Page 30, l. 11 [Stz. 68]. "Brack." —Brine.
Page 30, l. 20 [Stz. 69]. "Lyam." —A band or thong by which to lead a hound; hence lyme-hound.
Page 31, l. 3 [Stz. 71]. "A Golden Fleece and Hereford doth weare." —Grammar requires this line to begin And Hereford. Awkward dislocations, however, are not infrequent in Drayton.
Page 31, l. 6. "The Shiere whose surface seems most brute." —George Eliot, like Drayton a native of fertile Warwickshire, entitles the neighbouring county Stonyshire.
Page 33, l. 17 [Stz. 80]. "The Fleet then full," etc. —Compare this fine stanza, which might have been written by one who had never been on shipboard, with the still more poetical and at the same time intensely realistic one of Shakespeare ("Henry V.," act iii., prologue), which proves that he must have been at sea on some occasion:
"Play with your fancies, and in them behold Upon the hempen tackle ship-boys climbing; Hear the shrill whistle which doth order give To sounds confused; behold the threaden sails, Borne with the invisible and creeping wind, Draw the huge bottoms through the furrowed sea."
Page 34, ll. 9, 10 [Stz. 83]. "Long Boates with Scouts are put to land before, Vpon light Naggs the Countrey to discry." —"Before day-break the next morning, Wednesday the 14th of August, John Holland, Earl of Huntingdon, Sir Gilbert Umfreville, and Sir John Cornwall, were sent with a party of cavalry to reconnoitre Harfleur and its vicinity, with the view of selecting a proper situation for the encampment of the army" (Sir Harris Nicolas).
Page 35, l. 1 [Stz. 86]. "To the high'st earth whilst awfull Henry gets." —Whilst must here be taken as = meanwhile.
Page 35, l. 3. "With sprightly words" etc. —The confusion in this line is evidently due to the printer.
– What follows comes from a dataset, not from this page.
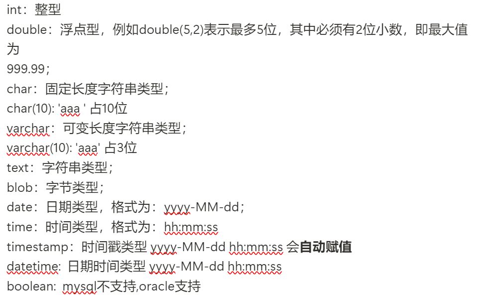 0、常见的数据类型:

Drayton must have written: "And thus with sprightly words," etc.
Page 35, l. 9 [Stz. 87]. "He first of all proclaim'd." —"A proclamation was issued forbidding under pain of death a repetition of some excesses which had been committed, and commanding that henceforth the houses should not be set on fire, or the churches or other sacred places violated, and that the persons of women and priests should be held sacred" (Sir Harris Nicolas). Holinshed adds, "or to any suche as should be founde withoute weapon or armor, and not ready to make resistance."
Page 36, l. 30 [Stz. 93]. "Shee so instructed is by Natures Lawes." —A characteristic instance of this excellent poet's frequent and unaccountable lapses into bathos.
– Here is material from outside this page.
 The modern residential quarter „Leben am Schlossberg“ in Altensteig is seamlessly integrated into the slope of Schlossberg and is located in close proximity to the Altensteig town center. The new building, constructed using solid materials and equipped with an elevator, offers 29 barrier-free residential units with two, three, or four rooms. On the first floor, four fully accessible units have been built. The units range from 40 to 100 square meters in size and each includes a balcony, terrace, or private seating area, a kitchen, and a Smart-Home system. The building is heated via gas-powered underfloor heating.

Page 38, l. 7 [Stz. 98]. "Whose Mynes to the besieg'd more mischiefe doe." —Holinshed, however, admits that the French "with their countermining somewhat disappointed the Englishmen, and came to fight with them hand to hand within the mynes, so that they went no further forward with that worke."
Page 41, l. 30 [Stz. 113]. "But on his bare feete to the Church he came." —"He dismounted at the gate, took off his shoes and stockings, and proceeded barefoot to the church of St. Martin, where he gave solemn thanks to God for his success" (Sir Harris Nicolas, quoting the French chroniclers), Holinshed mentions Henry's repairing to the church to offer thanks, but omits the picturesque circumstance of his going thither barefoot, and passes over his entrance into the town in the briefest possible manner. It is an interesting proof of Shakespeare's dependence upon the chronicler to find him equally ignoring any solemn entry or prolonged sojourn:
"To-night in Harfleur will we be your guest, To-morrow for the march are we addrest."
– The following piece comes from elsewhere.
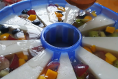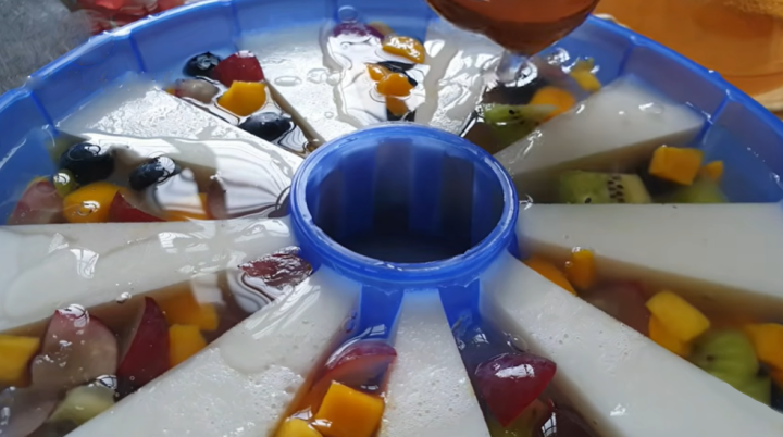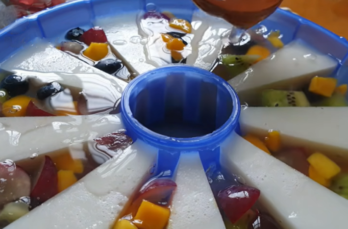 Připravené ovoce nakrájejte na malé, stejné kousky. Smíchejte několik druhů, dezert bude mít zajímavější chuť. V další misce smíchejte 600 ml vody se směsí cukru, želatinového prášku a agaru. Opět zahřejte a míchejte tak dlouho, dokud nevznikne gelovitá konzistence. Nechte trochu vychladnout, ale ne tolik, aby hmota ztuhla. Nalijte želatinu do jedné mezery v bábovkové formě asi do poloviny. Nasypte trochu ovoce a dolijte zbylou část želatinou.

In fact, as Drayton tells us, he remained eight days in Harfleur, awaiting the Dauphin's reply to his challenge, which Holinshed does not mention. Shakespeare, Drayton, and Holinshed alike pass over the exceedingly picturesque circumstance of the expulsion of the women and children under escort of the English troops. Drayton only says: "Out of the Ports all Vagrants he doth driue."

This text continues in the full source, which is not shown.